By then, Leslie L. McDaniel (whose residential property was foreclosed upon) had filed a bankruptcy petition in December 2012. And in connection with that, McCalla, SMI, and Foxfire were named as defendants in the bankruptcy court. The record in the instant case contains an affidavit filed by Foxfire, wherein its agent recounted that during the pendency of the bankruptcy proceedings, SMI attempted to refund money to Foxfire, but that any such proceeds were "subject to the Bankruptcy Court. The Bankruptcy Court finally gave permission to McCalla ... and [SMI] to return the $126,000.00, almost three and one-half years [after the Foreclosure Sale]." McCalla's counsel asked Foxfire's owner during his deposition about the August 2013 tender, and Foxfire's owner recapped, "[W]e were under the [stay] with bankruptcy court and we could not accept money.... You personally knew we could not accept that money and this money was turned over to the judge of the bankruptcy court.... June 6, 2014 was the date that the money was finally made available to me."

Notwithstanding, as Foxfire's owner further deposed, the amount of interest was not what McCalla had previously agreed to pay, and Foxfire was otherwise still not made whole. As he also testified during his deposition with McCalla's counsel, the prolonged and allegedly wrongful retention of the money had "stopped [Foxfire's] operations in its tracks."

On April 1, 2019, McCalla filed a motion for summary judgment as to all Foxfire's claims, and SMI joined in that motion.
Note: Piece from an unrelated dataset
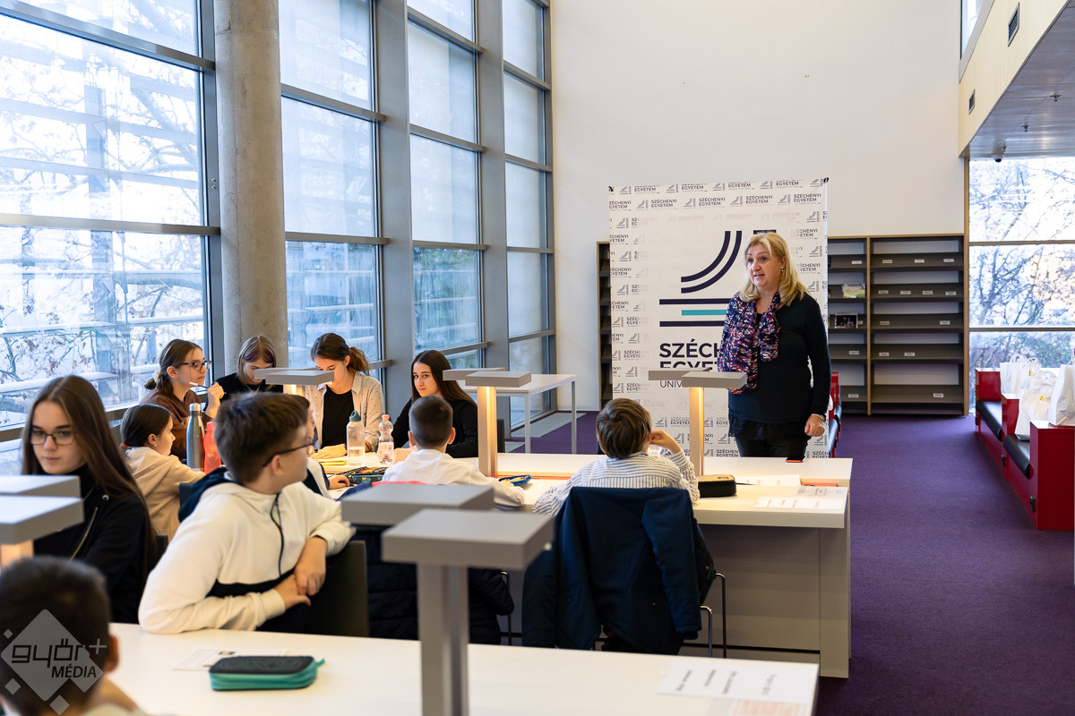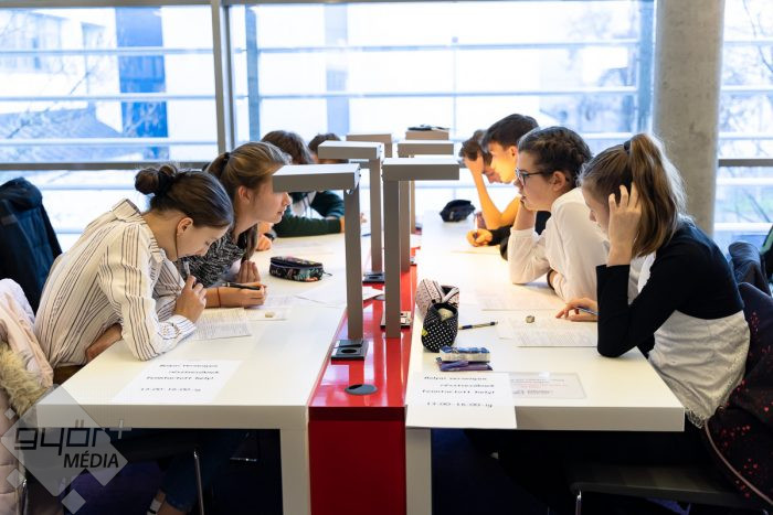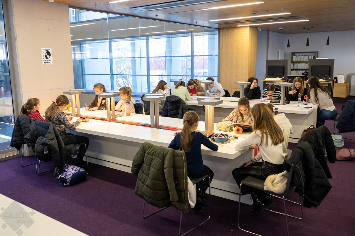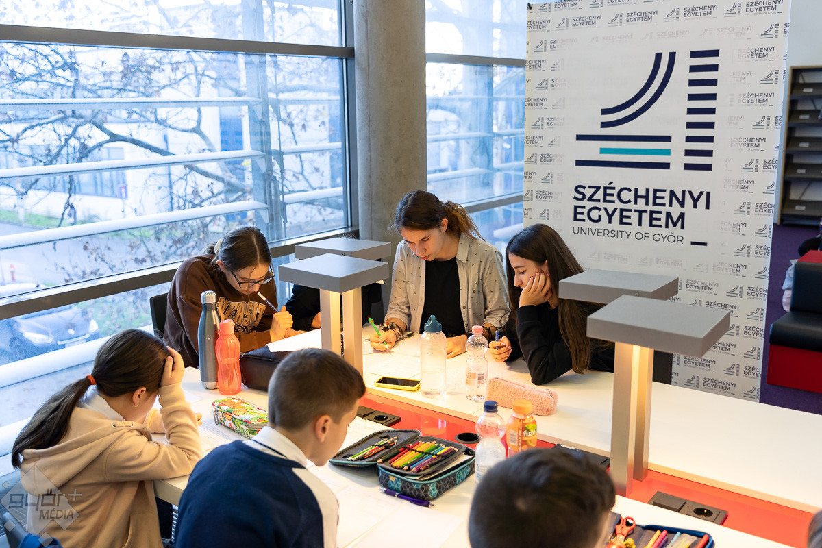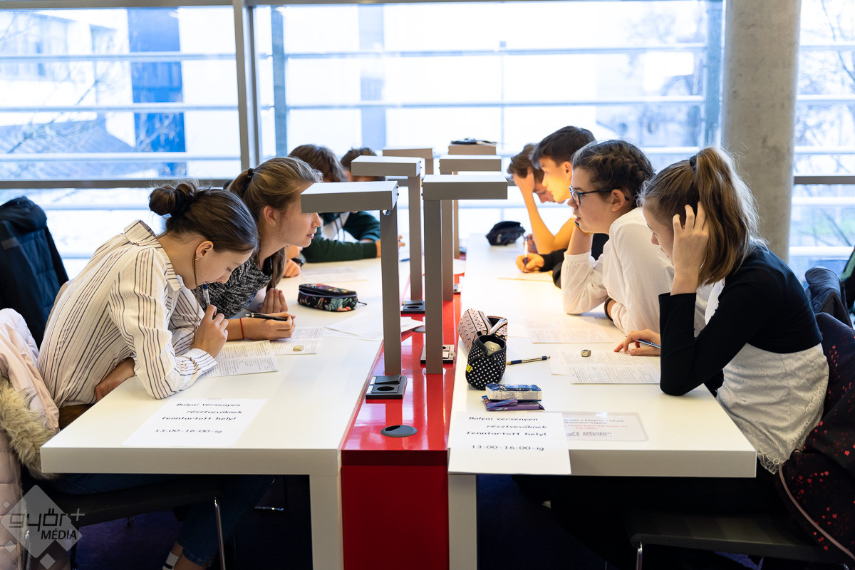 Izgatott kisdiákok gyülekeztek a Széchenyi Egyetem könyvtárában péntek délután, ahol a Bolyai Anyanyelvi Csapatverseny országos döntőjét rendezték meg 3-8. osztályosoknak.

The trial court held a hearing on that motion, as well as on several pending discovery motions. On May 30, 2019, the trial court denied all such motions in a single order, giving rise to these appeals. In Case Nos. A20A0159 and A20A0161, McCalla and SMI, respectively, contest the denial of the summary judgment motion. And in Case No. A20A0160, Foxfire contests discovery rulings. We consider Case Nos. A20A0159 and A20A0161 together, as they present similar issues.

Case Nos. A20A0159 and A20A0161

1. McCalla and SMI contend that the trial court erred by denying them summary judgment as to Foxfire's fraud claim. We agree.

The five elements essential to a tort suit for damages resulting from a material misrepresentation constituting fraud are: (1) that the defendant made the representations; (2) that at the time he knew they were false; (3) that he made them intending to deceive the plaintiff; (4) that the plaintiff justifiably relied on the representations; and (5) that the plaintiff sustained the alleged loss and damage as the proximate result of their having been made.

(Citation and punctuation omitted.) Parrish v. Jackson W. Jones, P.C. , 278 Ga. App. 645, 647-648 (2), 629 S.E.2d 468 (2006). "For a fraud action to survive a motion for summary judgment, there must be...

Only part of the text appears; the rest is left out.